My own Private Religion
As a public Zen Buddhist practitioner, doing videos on YouTube and of my blog, I have an opportunity to be contact by a lot of people. Prior to this, I lived in Zen Centers and monastic communities where I had many face-to-face discussions with westerner seekers of spirituality.
One thing that I am very aware of is that 99% of westerners have what I call a ‘Personal Religion’, and this is knowledge that they pick up from various religions they have studied from books that they can buy. They fall into Eclecticism, a spiritual view that is all based on Knowledge but of no actual practice.
By practice, in Buddhism we mean Faith and Belief; more of the convictions and steadfastness of. So, in Western Buddhist talk when you hear ‘Practice’ that is code for Faith and Belief. Now, most westerns have no faith and believe in nothing, and to suggest someone to develop faith and belief in a particular path in where they can fully investigate in where they look under ever stone and can experience the deepest mysteries of the holy path, well this becomes to much.
You can ask them, “why did you buy the car you drive now? Do you drive a different car every week?” Of course they will tell you they just bought the car they have because they had faith and belief it was a good car for them, and they drive the same car day after day, year after year.
So you follow up asking, “Why then do you not just say with one religion? Why are you hopping about to ‘this and that’?”
There is a popular term called FOMO, its the Fear Of Missing Out in which the person sees a whole field of many things and fears that one of them may contain what they are looking for, so they run around trying to look at everything! This wise know that this is insanity and the height of foolishness, and the sages know that everything in the field contains what they are looking for, it is just that they have to devote to it, to invest Faith and Belief in it, and only then when it is sufficient for what they are looking for will be relieved.
It is very hard for western minded people to give up a Personal Religion. You see, there is this concept in what they THINK the Universe is, what they THINK God is all about, and what they THINK the path to spiritual awaking is. Yes, I put the word think call caps, because what the thinker has done is to conceptualize religion and spirituality into this materialistic idealization that is all knowledge, but no actual practice.

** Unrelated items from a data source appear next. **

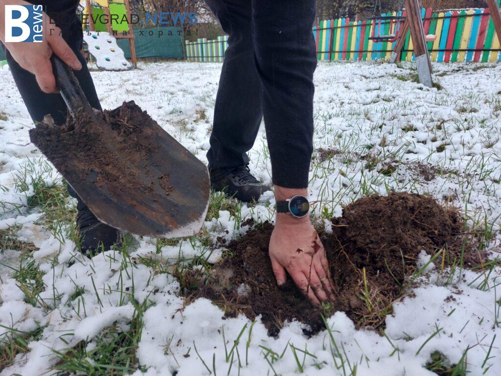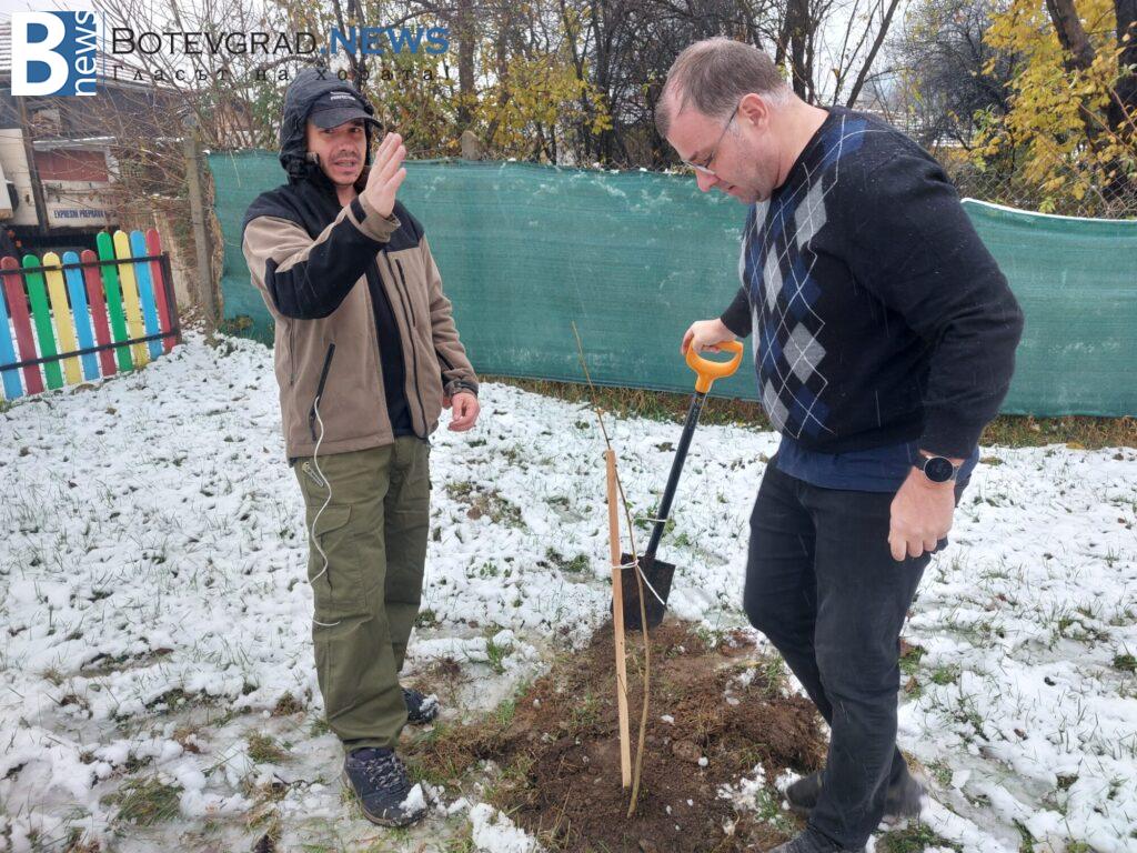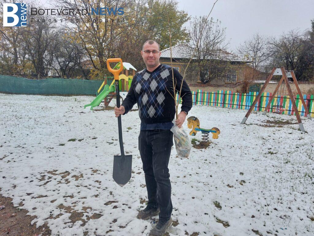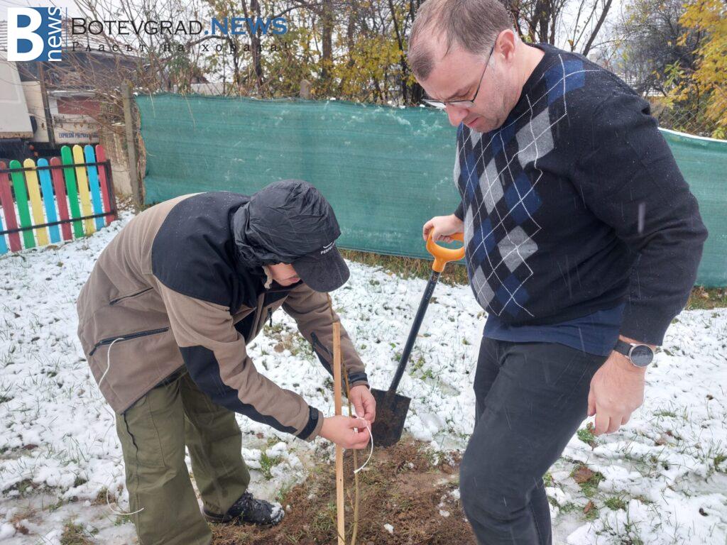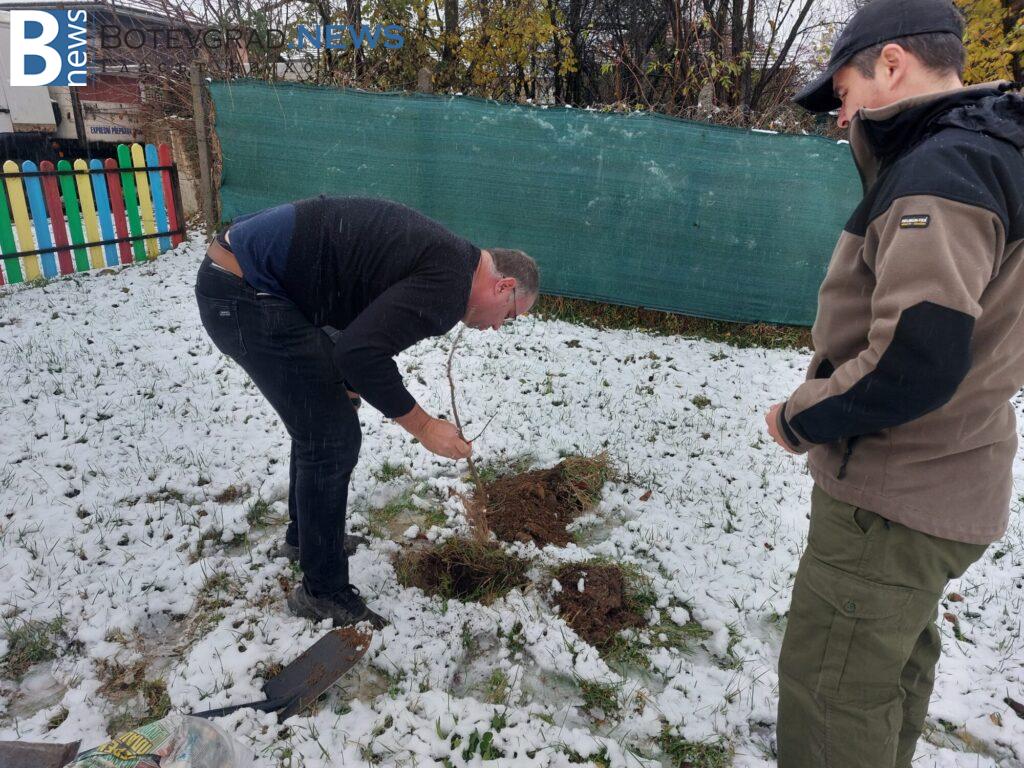 Двама общински съветници засадиха дръвчета в детската площадка в Новачене
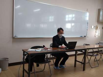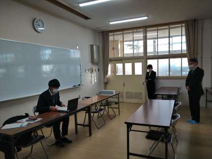 今日は、がんばって登校してきたみなさん、ありがとうございます。無理せず、自分のペースで取り組みましょう。この冬休み、トラブルに巻き込まれた等のことがあれば、信頼できる先生に相談してください。また、被害調査アンケートを行いますので、記入してください。」
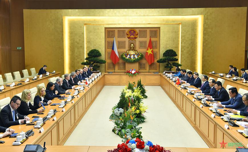Nhận lời mời của Thủ tướng Chính phủ Phạm Minh Chính, Thủ tướng Cộng hòa Séc Petr Fiala thăm chính thức Việt Nam từ ngày 20 đến 22-4. Sau lễ đón chính thức sáng 21-4, Thủ tướng Chính phủ Phạm Minh Chính đã có cuộc hội đàm với Thủ tướng Petr Fiala.
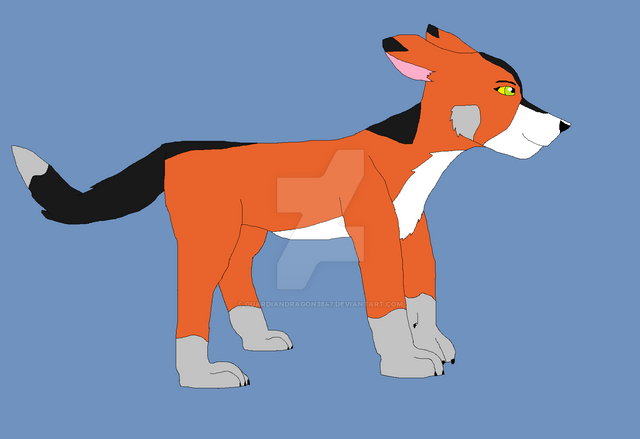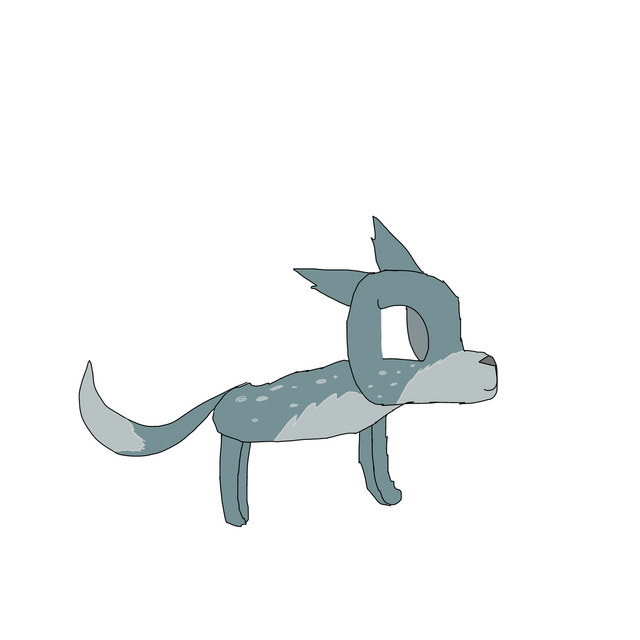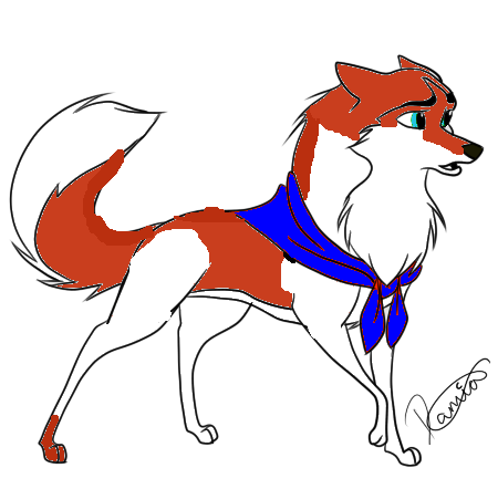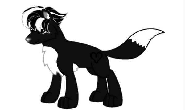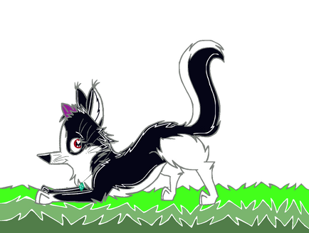 She is a cute wolf,Β short thick tufts in her ears and white stripe down tail like a skunk.she wears a diamont becklace.
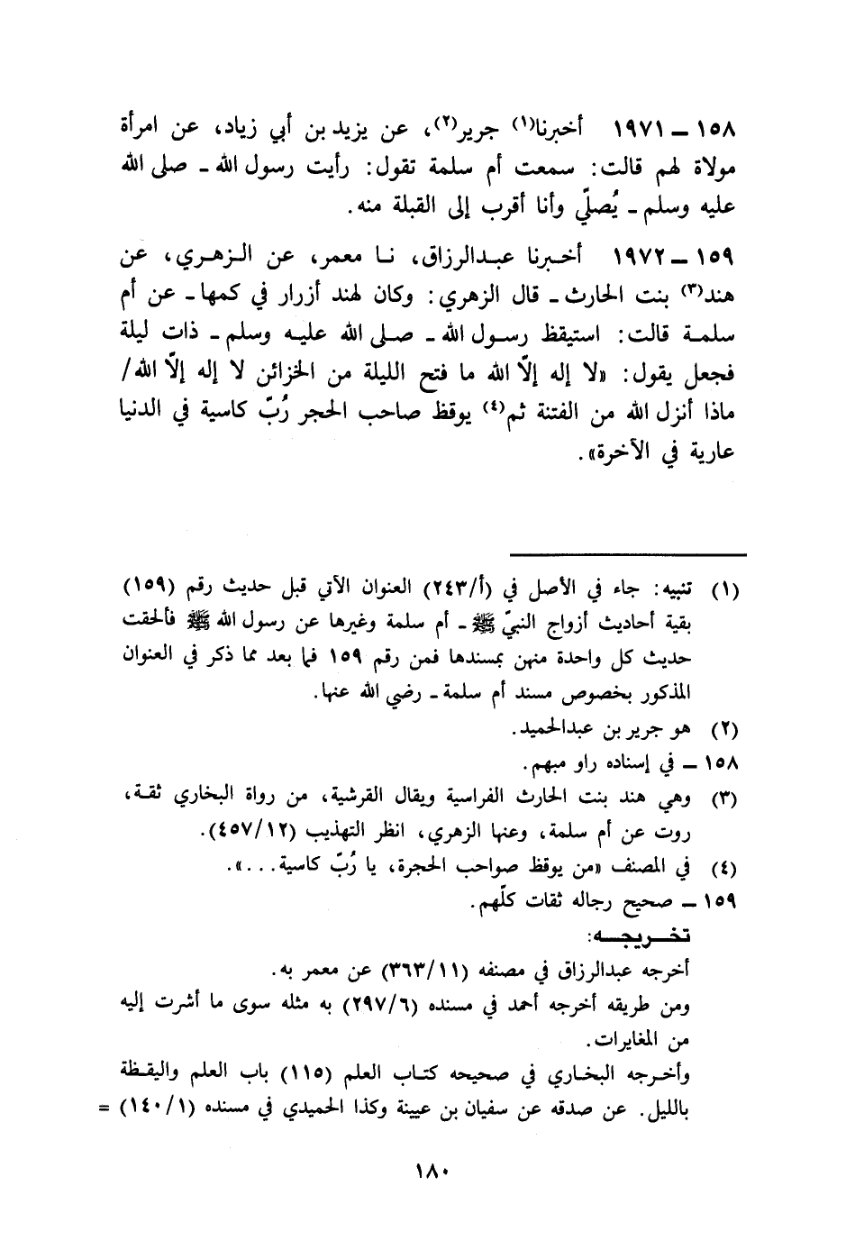1972 - أَخْبَرَنَا عَبْدُ الرَّزَّاقِ، نا مَعْمَرٌ، عَنِ الزُّهْرِيِّ، عَنْ هِنْدَ بِنْتِ الْحَارِثِ - قَالَ الزُّهْرِيُّ وَكَانَ لِهِنْدٍ أَزْرَارٌ فِي كُمِّهَا - عَنْ أُمِّ سَلَمَةَ قَالَتْ: " اسْتَيْقَظَ رَسُولُ اللَّهِ صَلَّى اللهُ عَلَيْهِ وَسَلَّمَ ذَاتَ لَيْلَةٍ فَجَعَلَ يَقُولُ: «§لَا إِلَهَ إِلَّا اللَّهُ مَا فُتِحَ اللَّيْلَةَ مِنَ الْخَزَائِنِ لَا إِلَهَ إِلَّا اللَّهُ، مَاذَا أَنْزَلَ اللَّهُ مِنَ الْفِتْنَةِ؟ ثُمَّ يُوقِظُ صَاحِبَ الْحَجَرِ، رُبَّ كَاسِيَةٍ فِي الدُّنْيَا عَارِيَةٌ فِي الْآخِرَةِ»

Many come to the Zen temples or the Buddhist Dharma centers not to learn, but rather to see if the religious metaphysics matches up with what they already think; their Personal Religion. You see, that person is clinging hard to what they think, and not by a long shot are they ready to abandon their Personal Religion.

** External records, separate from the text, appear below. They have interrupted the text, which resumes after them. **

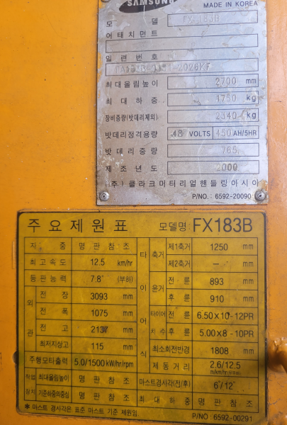 특이( 옵션 )사항 : 2단마스트, 배터리 상급
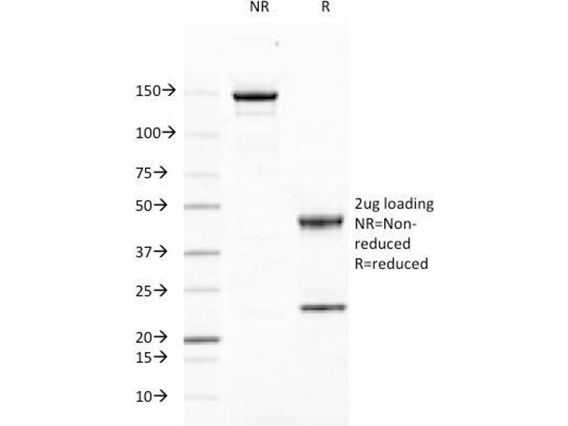 - Recognizes a protein of 52 kDa-58 kDa, identified as CD46 (also known as membrane cofactor protein, MCP). Its epitope is located on the four immunogenic short consensus repeat (SCR) domains at N-terminus of the protein. CD46 exists as many isoforms in a variety of tissues. It is strongly expressed on salivary gland ducts and kidney ducts, moderately on lymphocytes and endothelium, and weakly on interstitial tissues and muscle cells, but not on erythrocytes. CD46 functions as a C3b/C4b-binding glycoprotein that inhibits complement activation on host cells. It also serves as a measles virus receptor, an adherence factor for group Streptococcus pyogenes, and a cellular pilus receptor for pathogenic Neisseria.
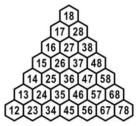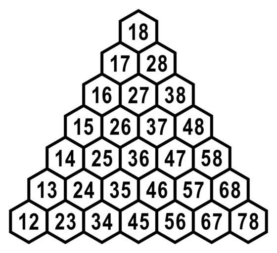 Keywords: 8 choose 2 array, hexagonal; pairs.svg Array of the <math>\tbinom 8 2 </math> 28 2-element subsets of an 8-element set own mate2code 250px Triangular 8 choose 2 arrays
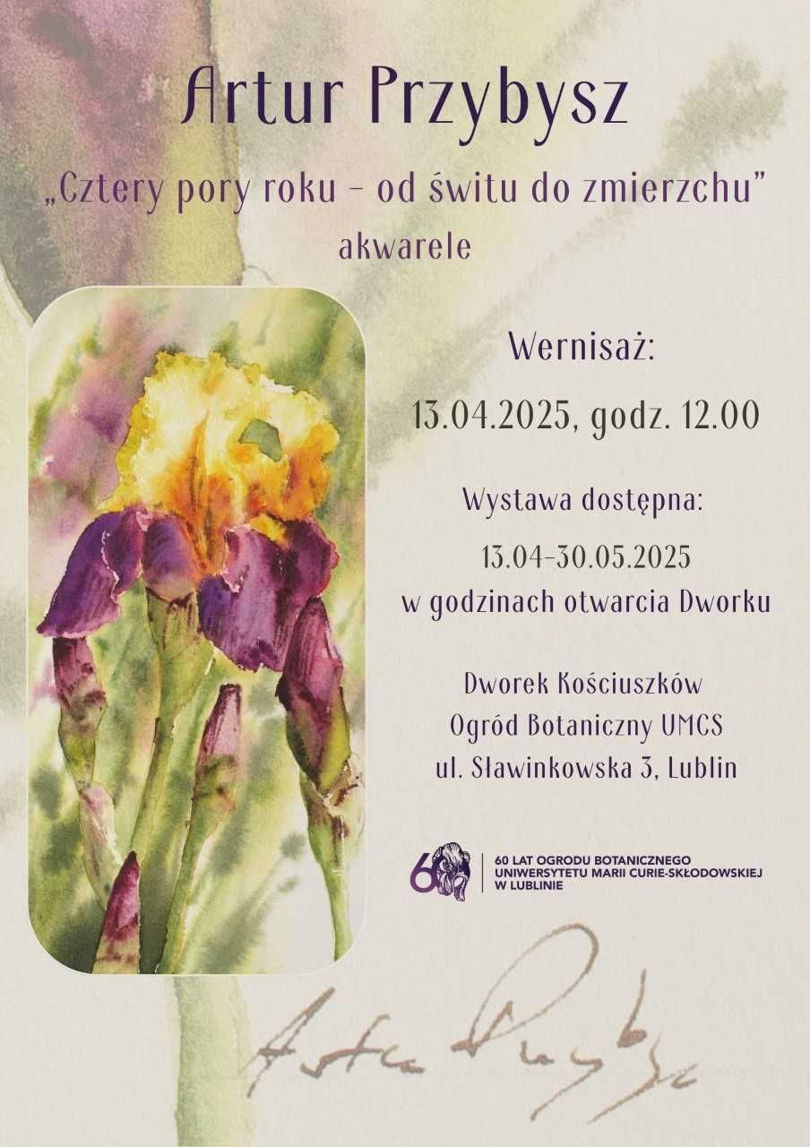 Wystawa malarstwa akwarelowego Artura Przybysza „Cztery pory roku – od świtu do zmierzchu” będzie czynna do 30 maja w Dworku Kościuszków w Ogrodzie Botanicznym UMCS.
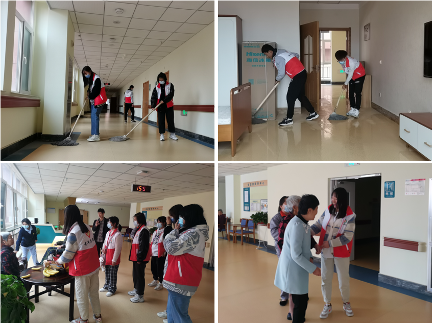 志愿服务在负责人的安排下投入到关爱老人的活动当中。首先志愿者们在生活场地里打扫卫生,扫地、拖地、收拾书架及货架等,为老人们创造了一个干净舒适的休息环境。随后志愿者们在休息区看望老人,陪老人们聊聊天,分享身边趣事,畅聊生活家常。还有的同学教老人如何使用手机里的新软件,如何利用手机网络搜索自己想了解的新闻。志愿者与老人们的亲切交流,让老人们感受到了亲人般的关怀。最后进行了文艺表演,欢声笑语充满了整个敬老院。三个小时的志愿者活动时间转瞬即逝,留影过后,同学们与老人们一一告别。

Only when the person admits:
“I have learned from everyone I could find, and I have done so many different things to reach spiritual completeness, this enlightenment, and yet in all my efforts is for not. For enlightenment is elusive to me. For all of the knowledge and lore I have picked up is utterly useless.”
Often with people who reach the point of spiritual frustration aka ‘Spiritual crisis’, they become skeptical that anyone can become enlightened. Now in Zen Mahayana Buddhism we teach that you are naturally enlightened, but its is your own defilements that delude your knowing this and stand in the way as ‘doubts and hindrances’. In Zen, this is sometimes described as the ‘Illusionary self’ or delusions and that it is the Buddhas Dharma shatters delusions and clears up defilement so that we can fully know our inherit Buddha-nature, becoming enlightened.
This “Cleaning up defilements” is not easy, taking much dedication and focus of mind to achieve. A religion is a path, a ‘way of cleaning up defilement’ and only through steadfast devotion to this path though the development of Faith and Belief, does one achieve true Practice.
Many identify Buddhism as a ‘path of renunciation’ in where those who devote themselves to the path renounce ‘world-ways’. This is a correct assessment of the path, and encourages the practitioner to renounce to the best of their abilities and situation.
For most, the first renunciation starts with the abandonment of all other paths. A dedication to this path, the Path that Buddha set forth. as interpreted by the branches and sets, is what the student will devote themselves too.
Buddha realized that not all can take ‘full renunciation’ as the most expediant means of clearing up defilements, that of becoming the bhikkhu/bhikkhuni. In this one becomes a Buddhist lay-person in where one renounces what they can of worldly-ways, and supports those who have fully renounced. For, those who cannot renounce at the moment may be able to do so later, thus they ‘pay-it-forward’ to make a place for those who can renounce now, in hopes that when they can renounce others will support them.
It does not really matter the branch or sect of Buddhism, be it Zen, Ch’an, Tibetan or South Asian Theravada. As long as the core of Buddhas path is there, being the renunciation and purification of defilements, a true practice can develop and flourish to open the Dharma Gates.